== PROVIDED DATA ==
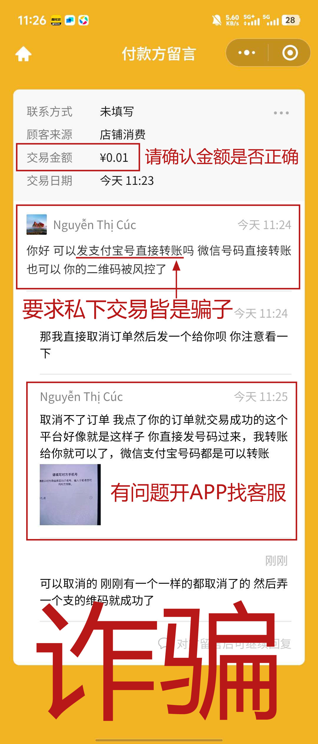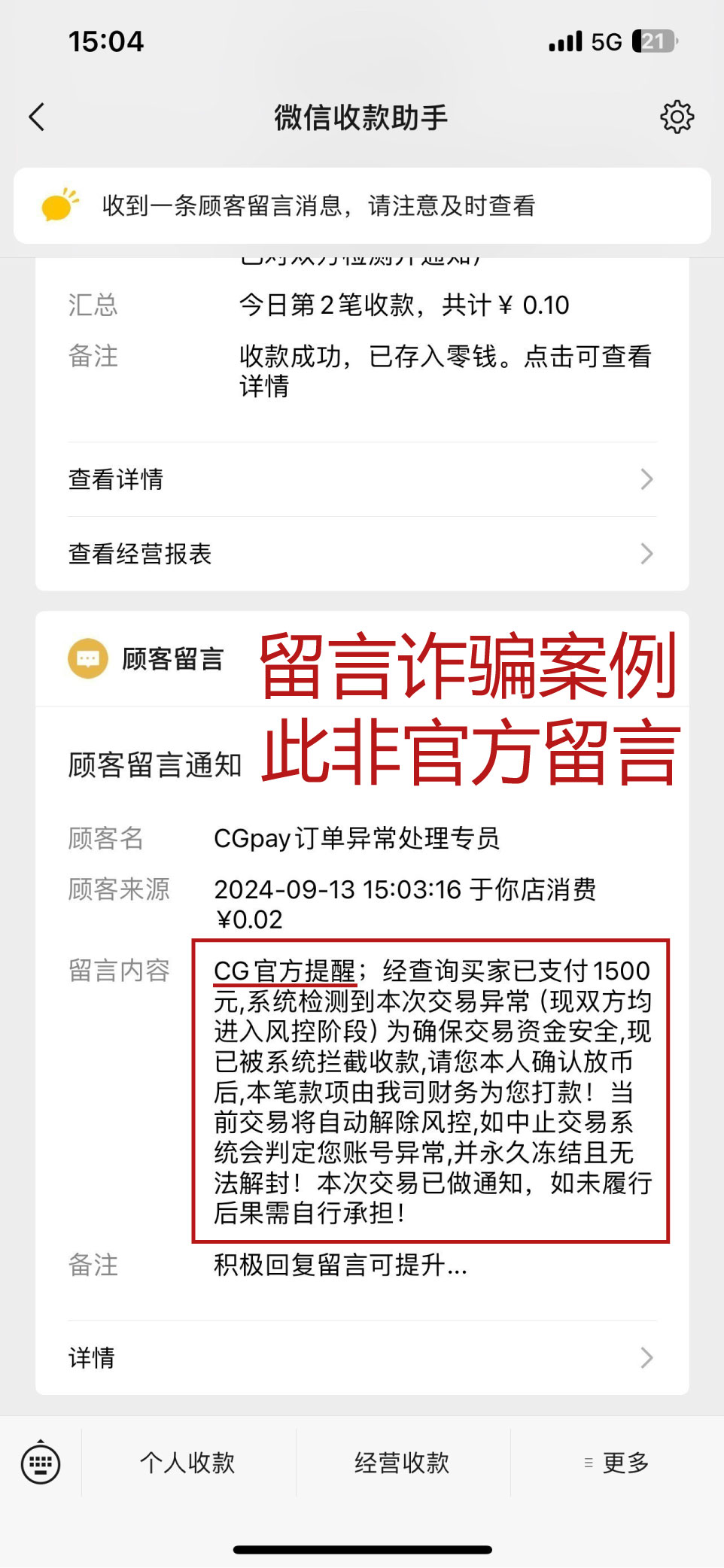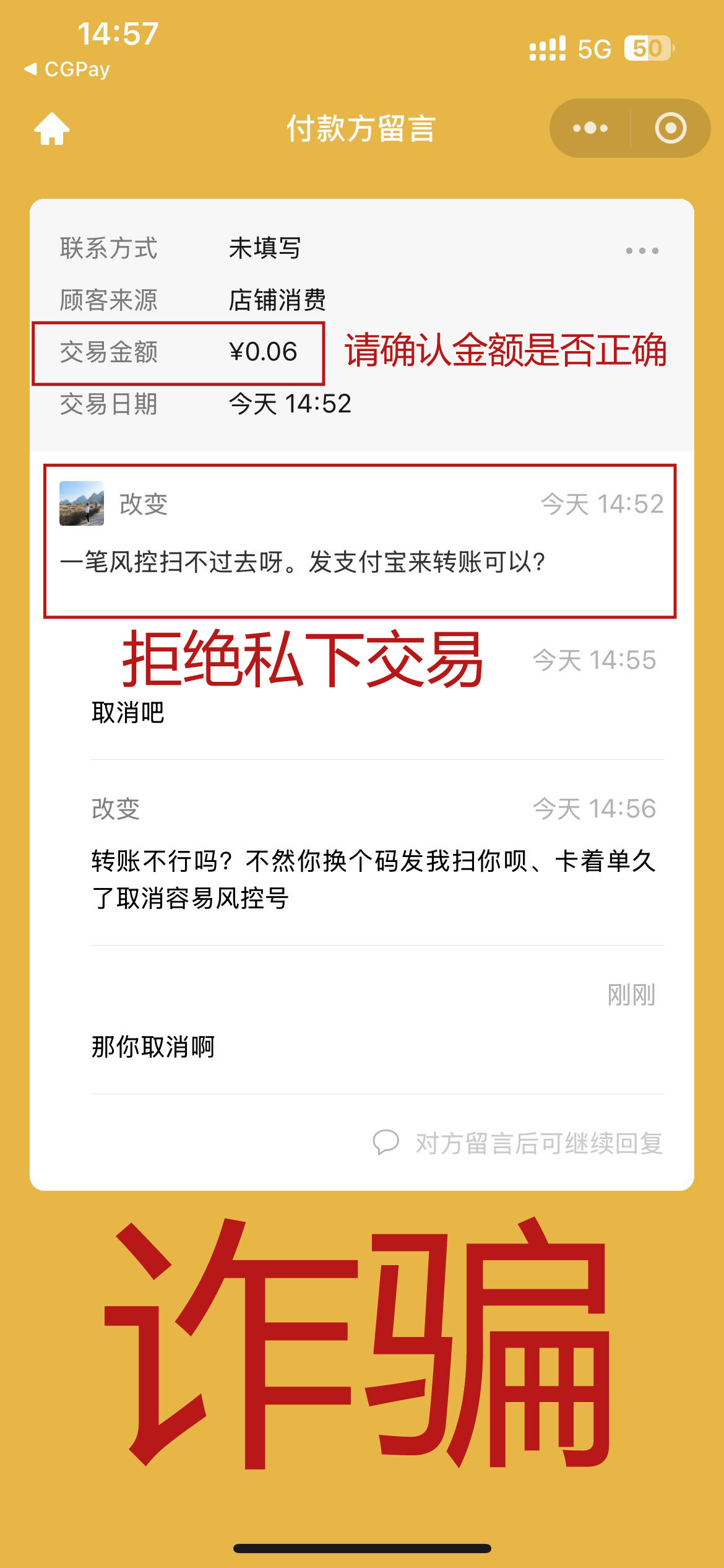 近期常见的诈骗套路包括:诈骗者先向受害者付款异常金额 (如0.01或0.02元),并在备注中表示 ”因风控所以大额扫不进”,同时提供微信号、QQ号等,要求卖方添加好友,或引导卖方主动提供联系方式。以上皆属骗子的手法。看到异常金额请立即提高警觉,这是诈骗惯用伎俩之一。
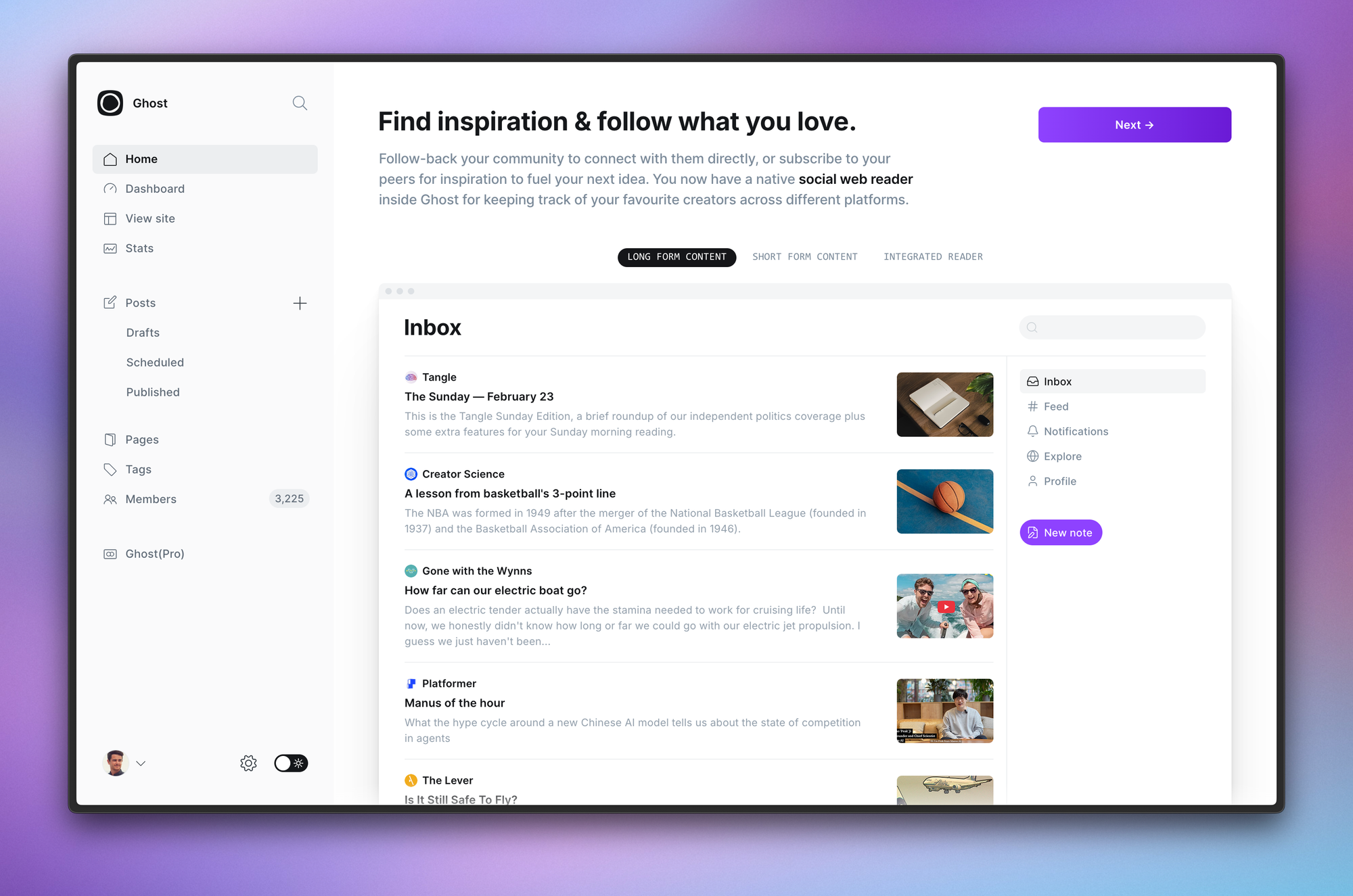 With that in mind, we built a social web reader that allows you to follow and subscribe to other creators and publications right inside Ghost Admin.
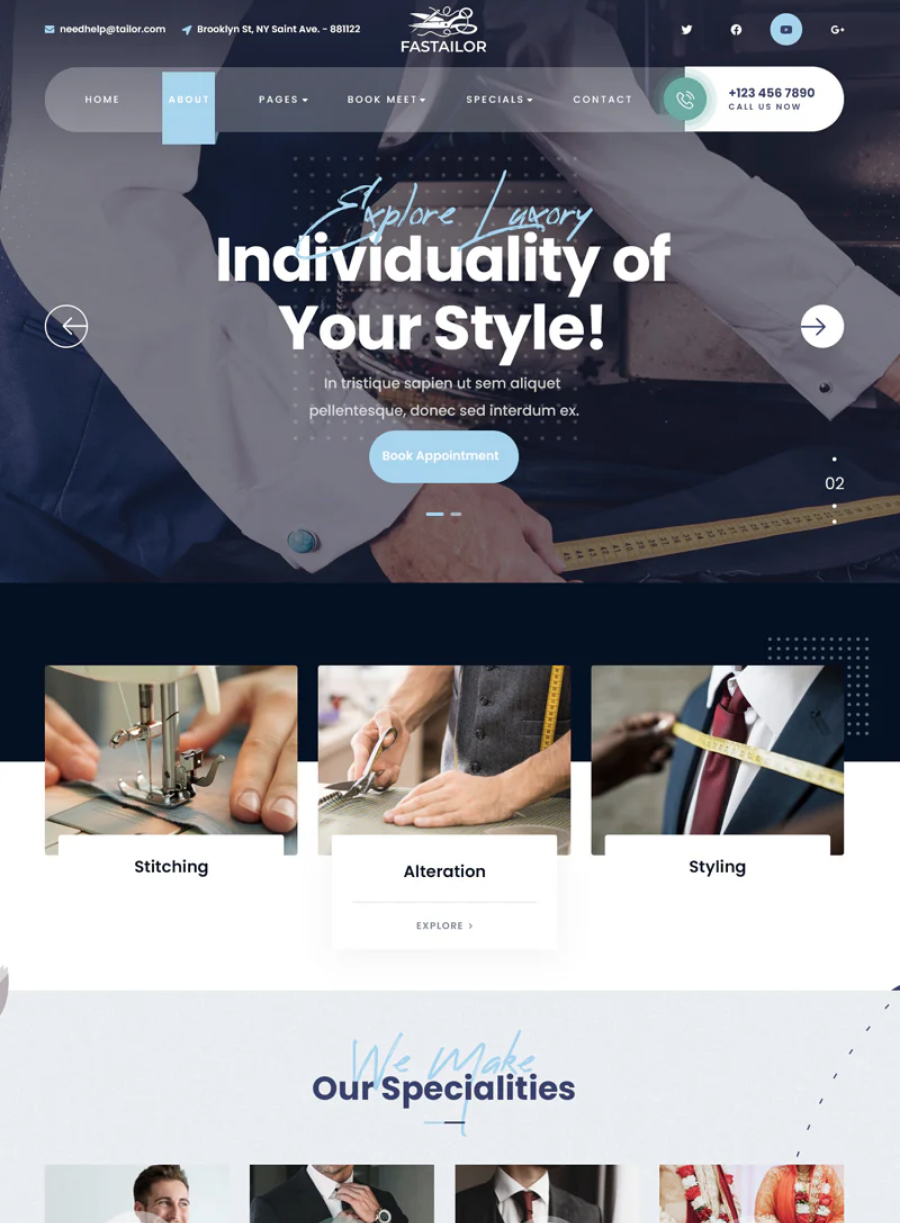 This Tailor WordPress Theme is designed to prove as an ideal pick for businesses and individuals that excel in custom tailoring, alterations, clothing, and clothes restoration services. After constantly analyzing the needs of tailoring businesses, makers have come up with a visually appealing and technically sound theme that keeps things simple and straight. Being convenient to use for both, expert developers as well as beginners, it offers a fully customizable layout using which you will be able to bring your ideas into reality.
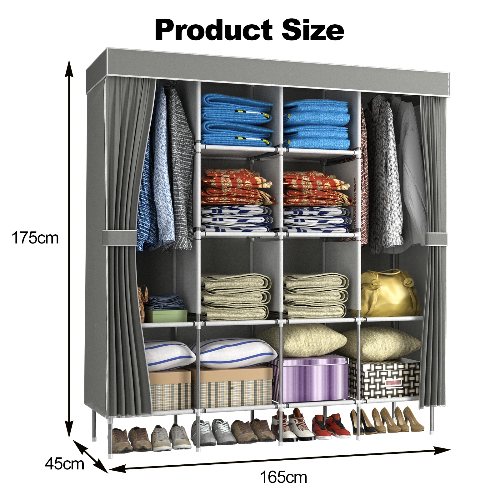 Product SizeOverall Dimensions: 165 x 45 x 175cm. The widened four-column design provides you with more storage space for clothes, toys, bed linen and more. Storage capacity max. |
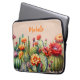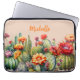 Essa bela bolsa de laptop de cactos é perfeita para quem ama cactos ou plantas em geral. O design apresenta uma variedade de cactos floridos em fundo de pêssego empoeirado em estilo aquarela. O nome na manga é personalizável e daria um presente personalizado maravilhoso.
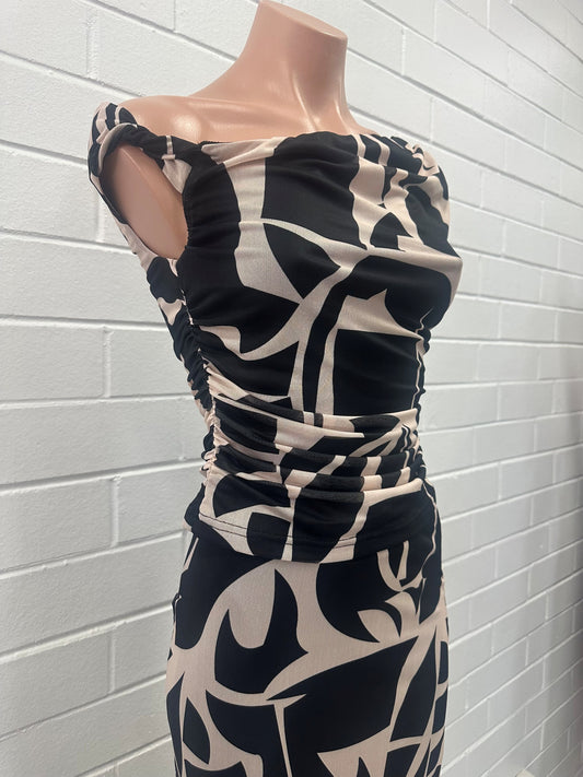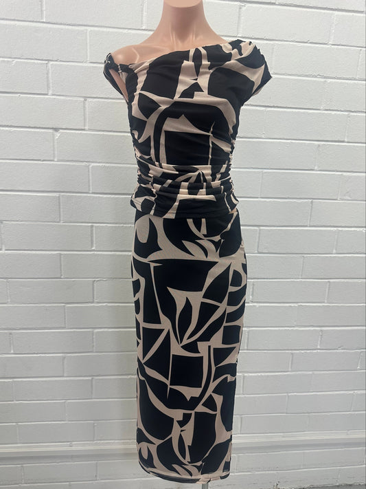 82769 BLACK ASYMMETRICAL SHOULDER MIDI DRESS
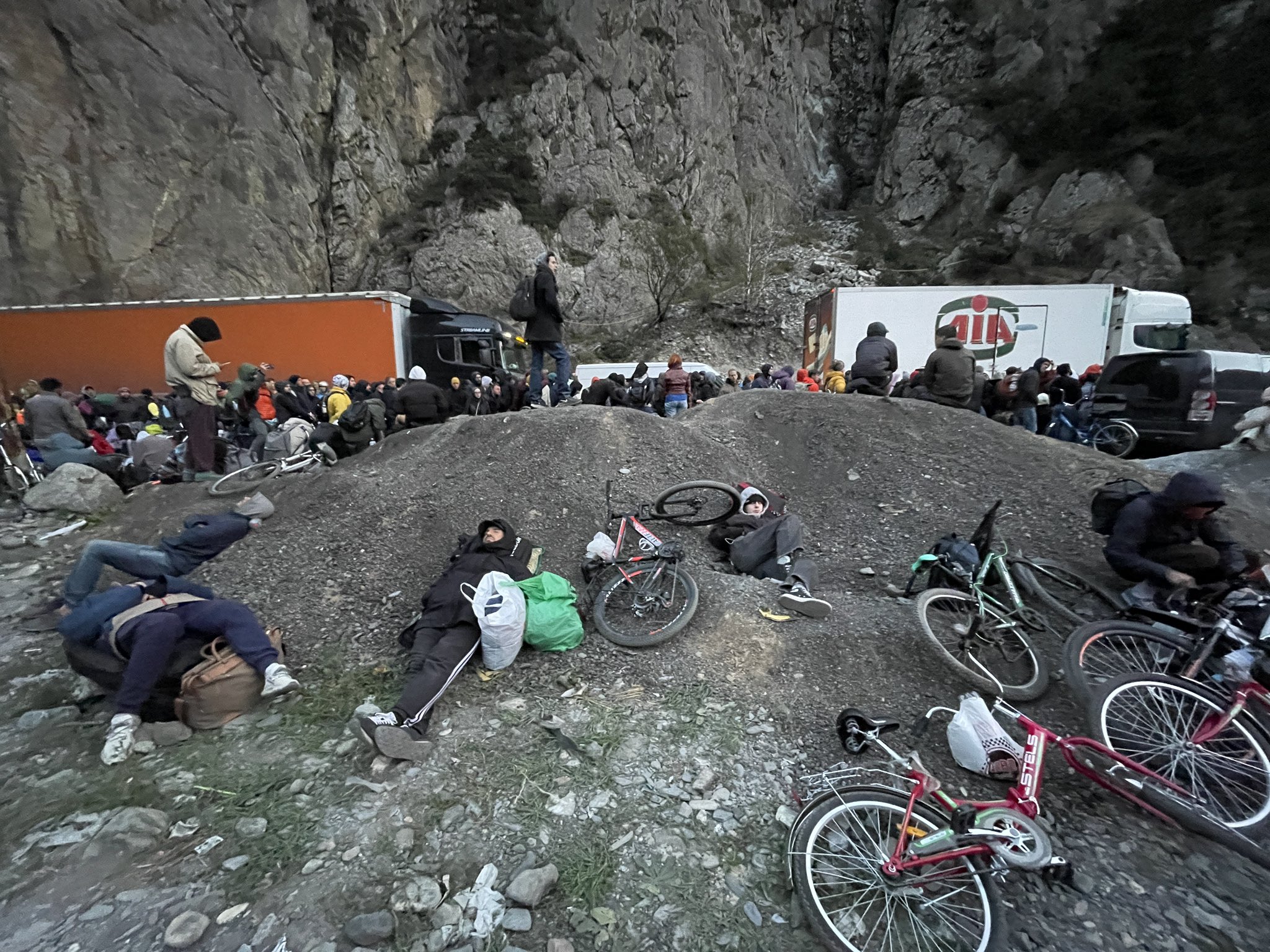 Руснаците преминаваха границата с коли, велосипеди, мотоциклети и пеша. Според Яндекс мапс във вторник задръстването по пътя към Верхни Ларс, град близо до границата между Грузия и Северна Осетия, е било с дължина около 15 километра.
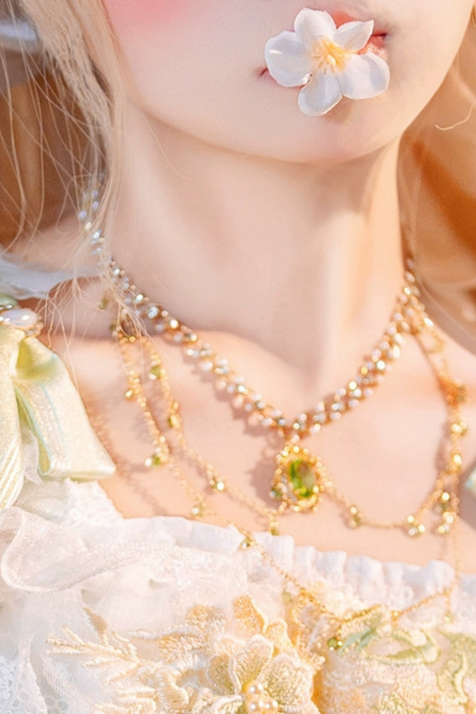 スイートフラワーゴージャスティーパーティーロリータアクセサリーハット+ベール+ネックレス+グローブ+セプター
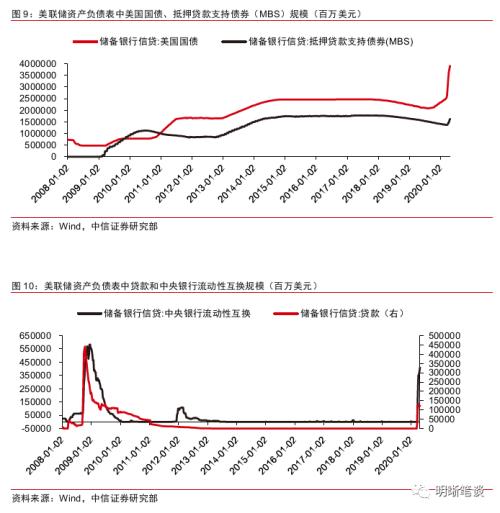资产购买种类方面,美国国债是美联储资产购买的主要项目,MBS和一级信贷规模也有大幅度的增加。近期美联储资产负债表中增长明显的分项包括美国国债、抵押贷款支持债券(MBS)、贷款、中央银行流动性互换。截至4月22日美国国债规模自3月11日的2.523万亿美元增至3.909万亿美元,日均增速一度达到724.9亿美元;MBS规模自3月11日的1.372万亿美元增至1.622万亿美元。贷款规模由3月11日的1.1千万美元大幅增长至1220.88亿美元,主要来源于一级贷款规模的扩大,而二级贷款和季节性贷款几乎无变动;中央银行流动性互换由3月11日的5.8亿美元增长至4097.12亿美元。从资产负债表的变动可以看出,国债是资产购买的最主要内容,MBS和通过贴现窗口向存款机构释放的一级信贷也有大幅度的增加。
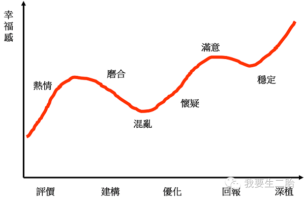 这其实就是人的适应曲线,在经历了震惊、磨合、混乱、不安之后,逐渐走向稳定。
===
* **INSTRUCTIONS FOR THE TASK**:
Repeat word for word, leaving out the pictures, each line of the records from the line that holds "资产购买种类方面,美国国债是" through the final one.

* **ANSWER TO THIS PROBLEM**:
资产购买种类方面,美国国债是美联储资产购买的主要项目,MBS和一级信贷规模也有大幅度的增加。近期美联储资产负债表中增长明显的分项包括美国国债、抵押贷款支持债券(MBS)、贷款、中央银行流动性互换。截至4月22日美国国债规模自3月11日的2.523万亿美元增至3.909万亿美元,日均增速一度达到724.9亿美元;MBS规模自3月11日的1.372万亿美元增至1.622万亿美元。贷款规模由3月11日的1.1千万美元大幅增长至1220.88亿美元,主要来源于一级贷款规模的扩大,而二级贷款和季节性贷款几乎无变动;中央银行流动性互换由3月11日的5.8亿美元增长至4097.12亿美元。从资产负债表的变动可以看出,国债是资产购买的最主要内容,MBS和通过贴现窗口向存款机构释放的一级信贷也有大幅度的增加。
 这其实就是人的适应曲线,在经历了震惊、磨合、混乱、不安之后,逐渐走向稳定。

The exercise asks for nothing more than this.